• **The task**:
Take the records below and set down exactly the lines from the one with "20 Kindergeburtstags-Servietten mit" to the one with "One 1885-S $1", ends included; do not copy the pictures.

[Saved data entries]
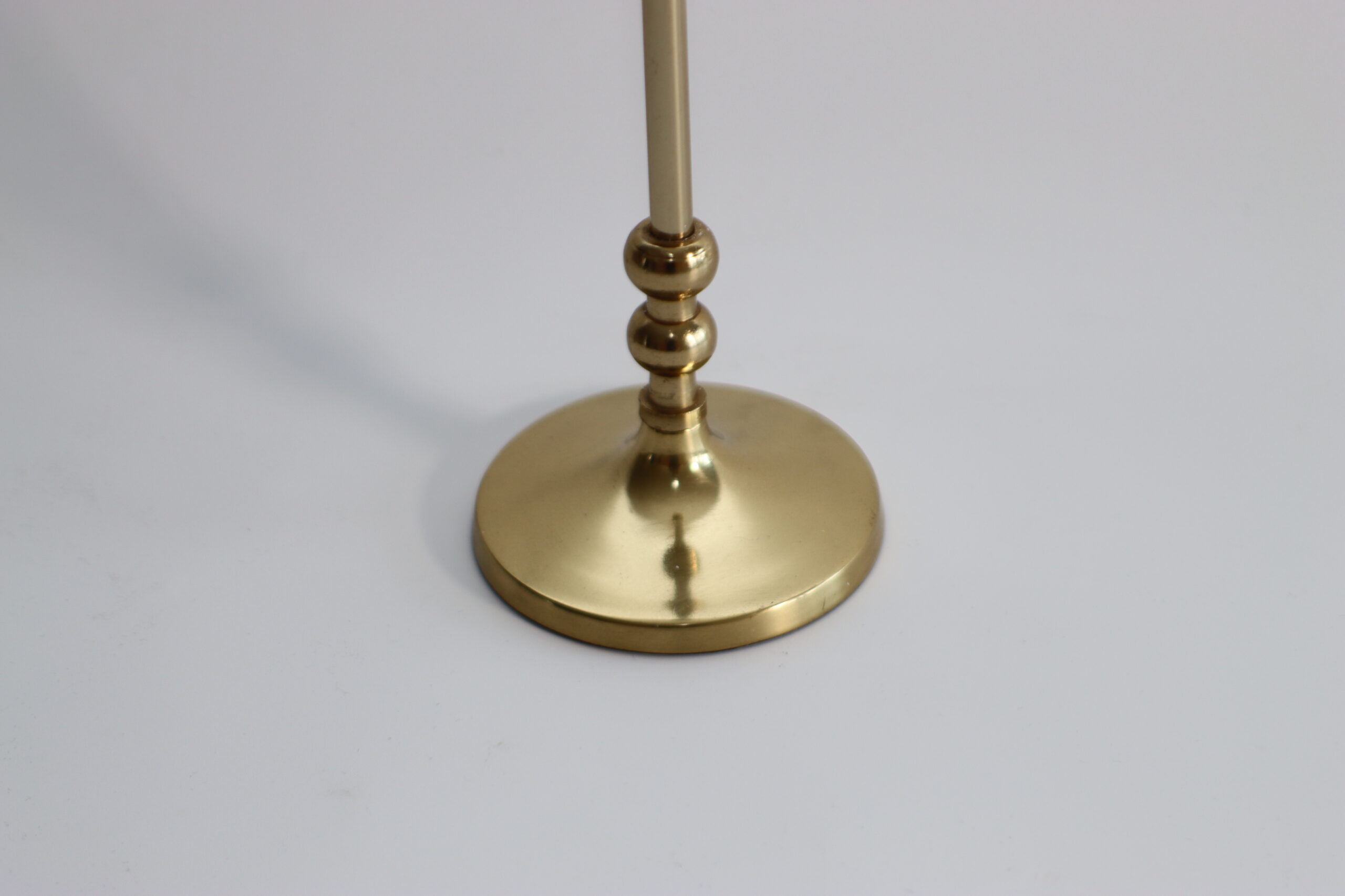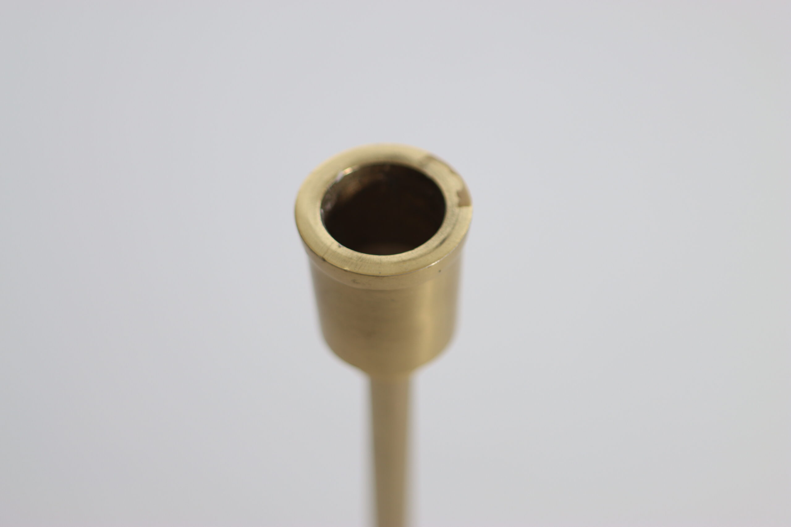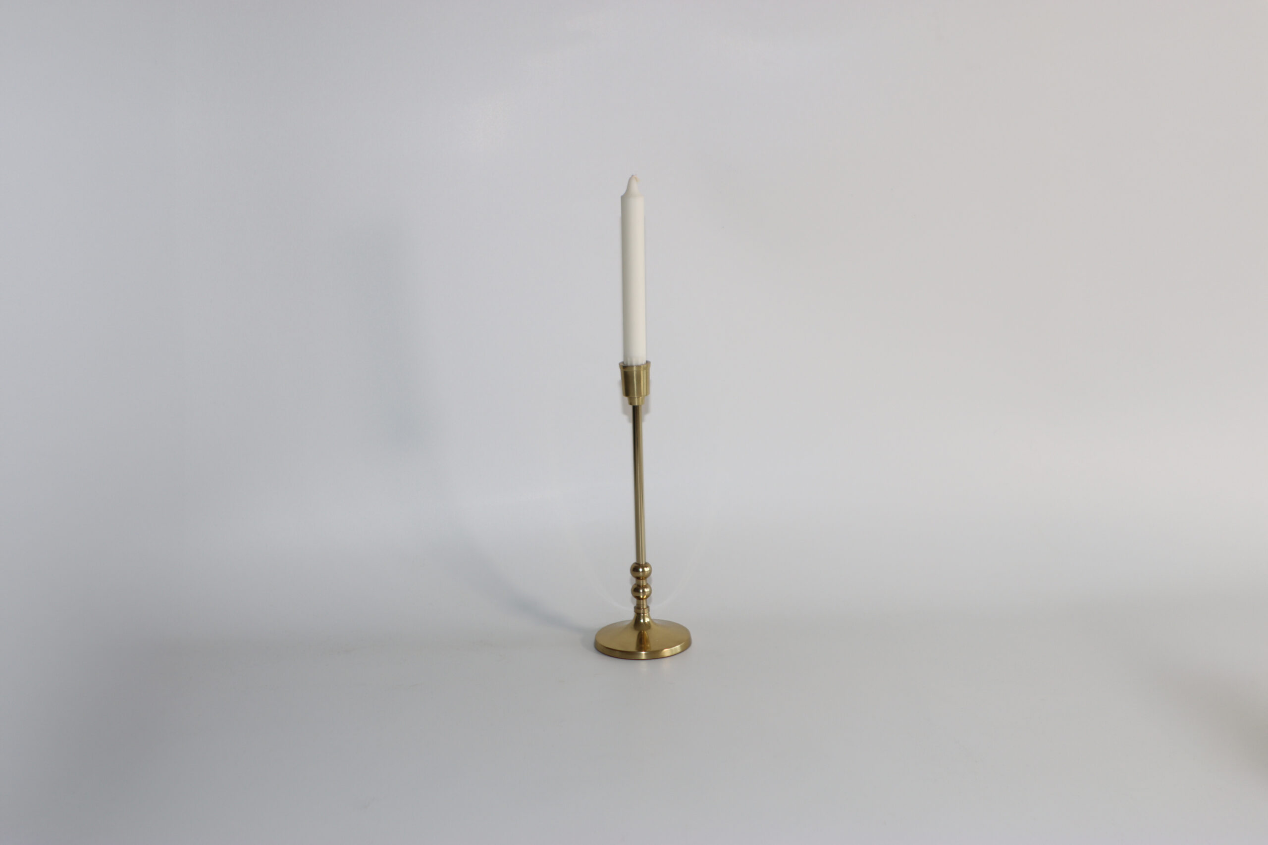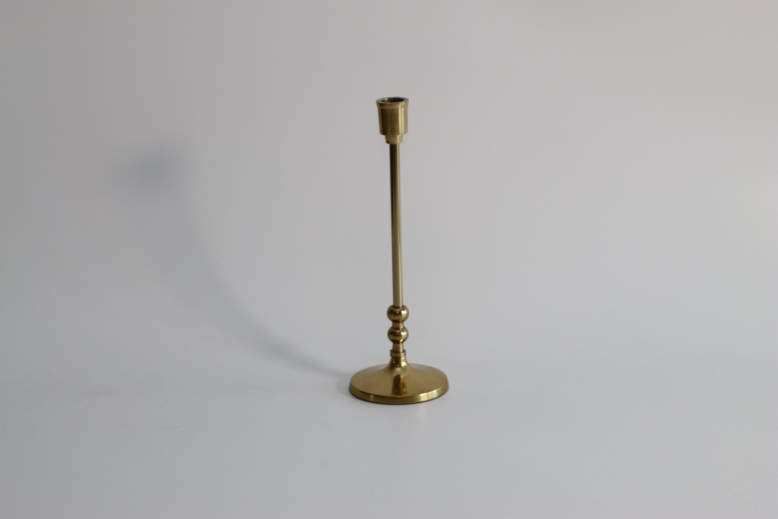 真鍮と思われる金属素材の、細身で高さのあるキャンドルスタンド。
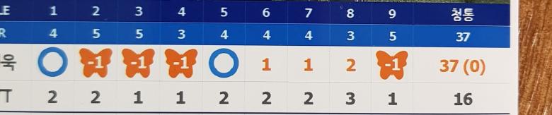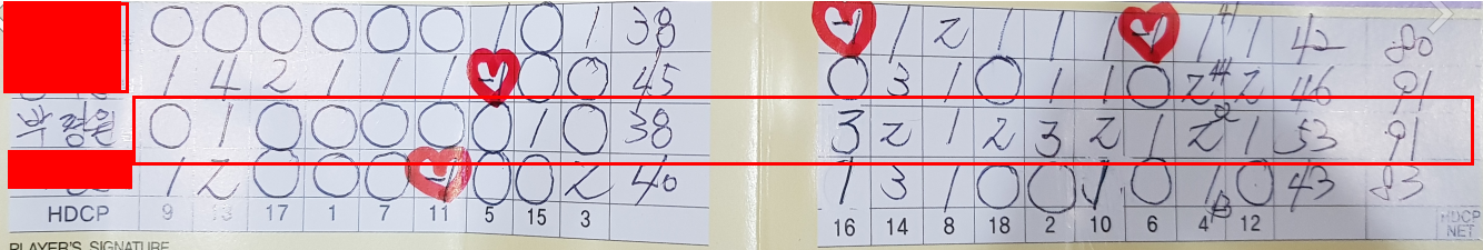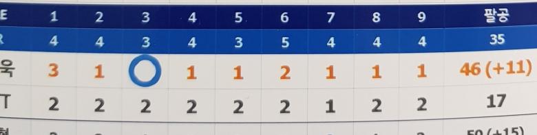 후반이 얼마나 저질경기였나면... 후반에 공 해저드에 하나 빠져서... 총 공 2개로 경기를 했는데
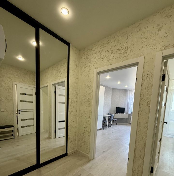 Планировка: евродвушка (изолированная спальня + просторная кухня-гостиная).
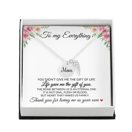 Carry your cherished memories of Mom with you always, thanks to our heartfelt Memorial Necklace. The word "Mom" is elegantly engraved on a delicately hand-polished coin, accented with black enamel for a striking contrast. This coin is beautifully paired with a delicate, polished Angel Wing tag, creating a meaningful and stylish accessory that keeps Mom's spirit close to your heart.
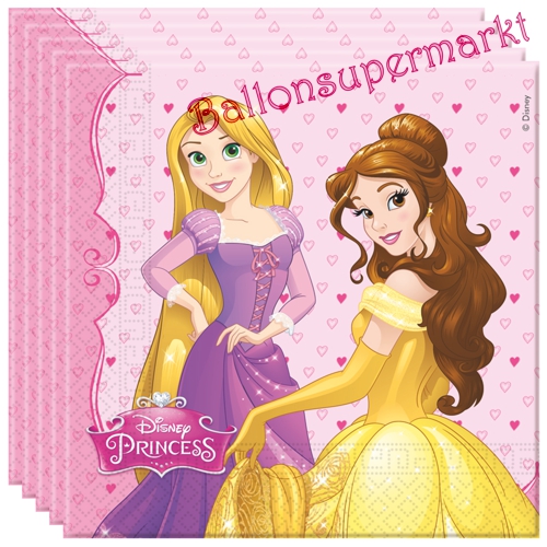 20 Kindergeburtstags-Servietten mit Rapunzel, Cinderella, Belle und Dornröschen, den beliebten Prinzessinnen aus dem Disney Universum.
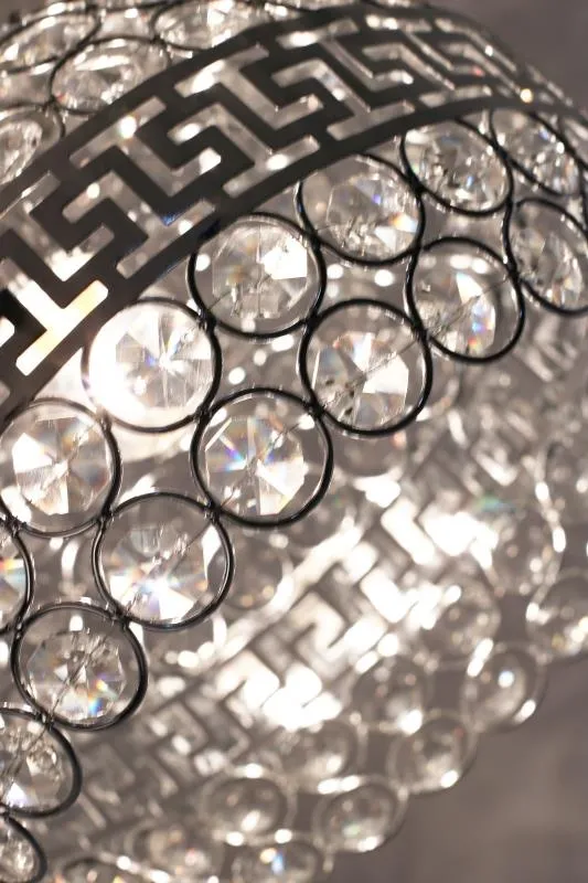 EX58-Ellens to bogato zdobiona lampa sufitowa utrzymana w stylu glamour. Jej znakiem szczególnym jest klosz wykonany z pięknych, ozdobnych kryształków. Lampa została wykonana z materiałów wysokiej jakości, dzięki czemu prezentuje się wspaniale. Szczególnie polecana do nowoczesnych, bogato zdobionych wnętrz.
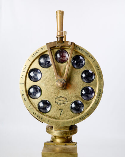 Vintage Chadburns (Liverpool) Telegraph. Solid brass construction, with glass window indicators. Good condition. Great industrial piece.
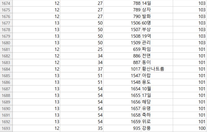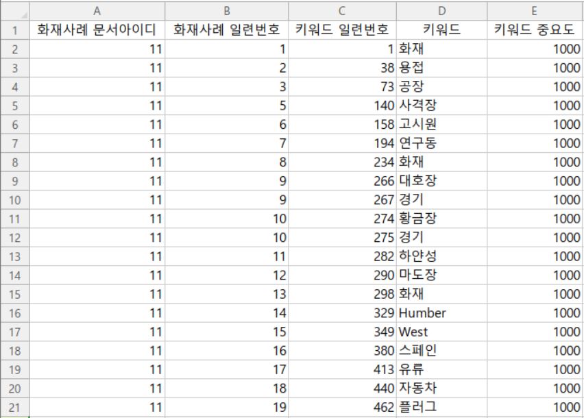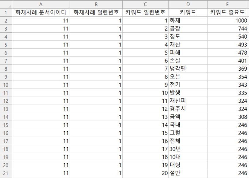 - 칼럼 : 화재사례 문서아이디, 화재사례일련번호, 키워드일련번호, 키워드, 키워드 중요도
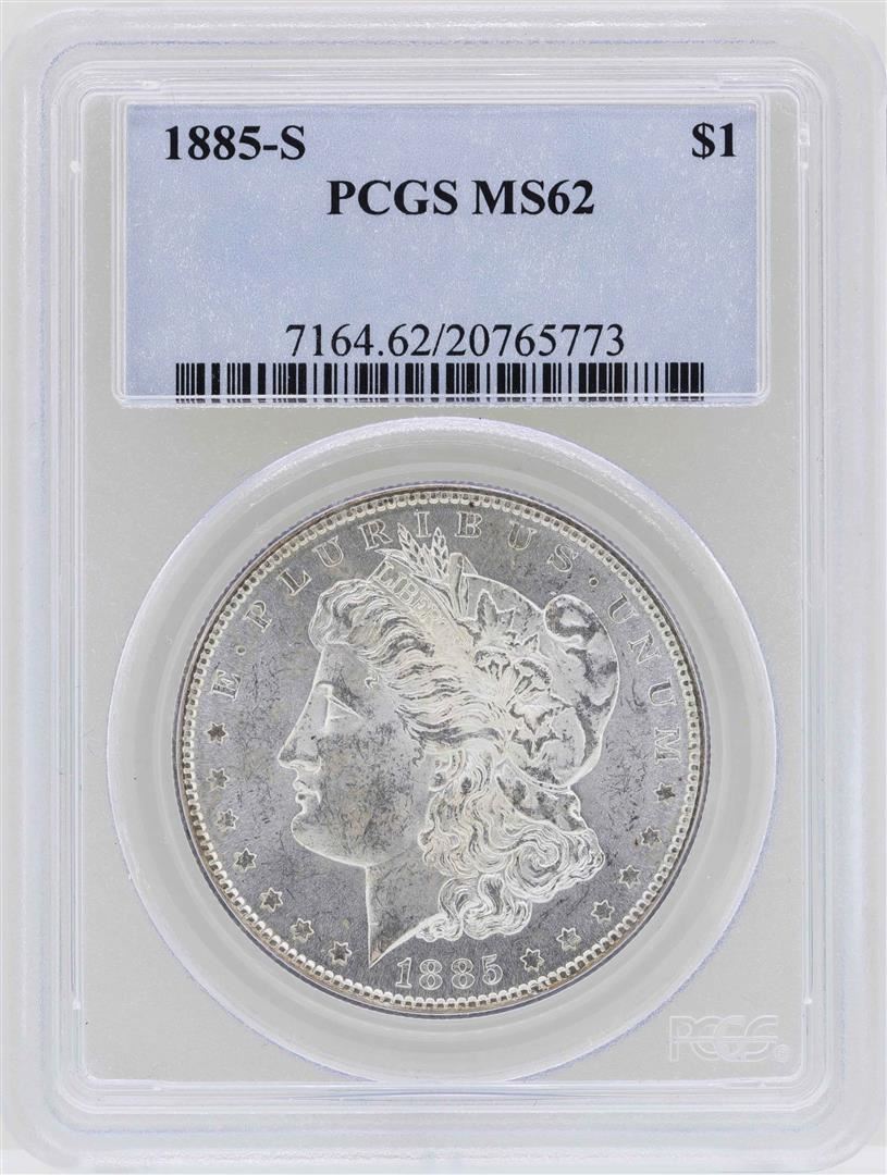One 1885-S $1 Morgan Silver Dollar Coin PCGS MS62. PCGS Graded.
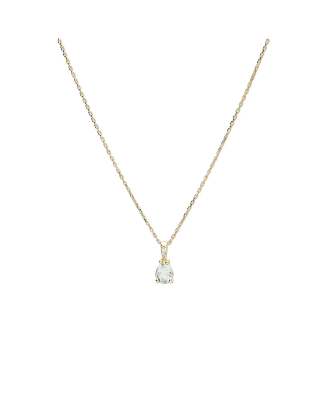 Cadena-Colgante de oro amarillo 9 kt (375 mmas) con dos diamantes talla brillante engastados en la reasa y aguamarina talla pera. Longitud cadena 45 cm. Tamaño del colgante incluyendo reasa 1 cm.

• **Task result**:
 20 Kindergeburtstags-Servietten mit Rapunzel, Cinderella, Belle und Dornröschen, den beliebten Prinzessinnen aus dem Disney Universum.
 EX58-Ellens to bogato zdobiona lampa sufitowa utrzymana w stylu glamour. Jej znakiem szczególnym jest klosz wykonany z pięknych, ozdobnych kryształków. Lampa została wykonana z materiałów wysokiej jakości, dzięki czemu prezentuje się wspaniale. Szczególnie polecana do nowoczesnych, bogato zdobionych wnętrz.
 Vintage Chadburns (Liverpool) Telegraph. Solid brass construction, with glass window indicators. Good condition. Great industrial piece.
 - 칼럼 : 화재사례 문서아이디, 화재사례일련번호, 키워드일련번호, 키워드, 키워드 중요도
One 1885-S $1 Morgan Silver Dollar Coin PCGS MS62. PCGS Graded.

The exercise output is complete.